Padişahlar, devletin kurucusu Osman Beyin soyundan gelirlerdi. Padişahlık, babadan oğula geçmekle beraber, ilk zamanlar bu konuda belli bir veraset sistemi yoktu. Bu durum, eski Türk geleneğinden kaynaklanıyordu. Buna göre, ailenin bütün erkekleri, taht üzerinde hak sahibiydiler. Bu nedenle, her hükümdar değişikliğinde taht kavgaları çıkardı. Tahta çıkan şehzade, egemenlikte hak ileri sürmemeleri için, erkek kardeşlerini öldürtmek zorunda kalıyordu. Bu yöntem, bir saltanat yasası olarak, 17. yüzyıl başlarına kadar devam etti.
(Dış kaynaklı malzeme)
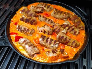 Wir haben unsere Gyros Rouladen in Metaxasauce auf unserem Rösle Magnum Pro G4 zubereitet.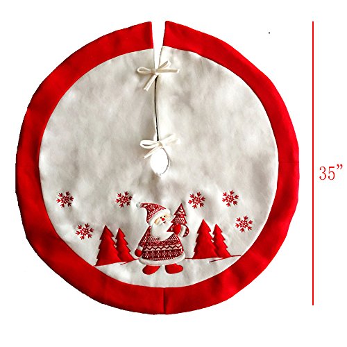 Size : The elegant tree skirt measures about 90cm / 35" in diameter Weight :270g/0.59 lbs . Material : Velvet

17. yüzyıl başlarında I. Ahmet zamanında yapılan bir düzenlemeyle, Osmanlı ailesinin en yaşlı ve olgun olanının tahta geçmesi usulü getirildi. Padişahlar, her konuda çok geniş yetkilere sahip bulunuyorlardı. Önemli konularda, büyük devlet adamlarının düşüncelerini almakla beraber, son kararı yine kendileri verirdi. Divan'a başkanlık etmek (Fatih'le birlikte, bu görev sadrazamlara bırakılmıştır.), ordulara komuta etmek, büyük devlet adamlarını atamak, savaşa ve barışa karar vermek padişahın başlıca görevleriydi. Bu görevlerini yerine getirirken, zamanın şeyhülislâmından fetva alırlardı.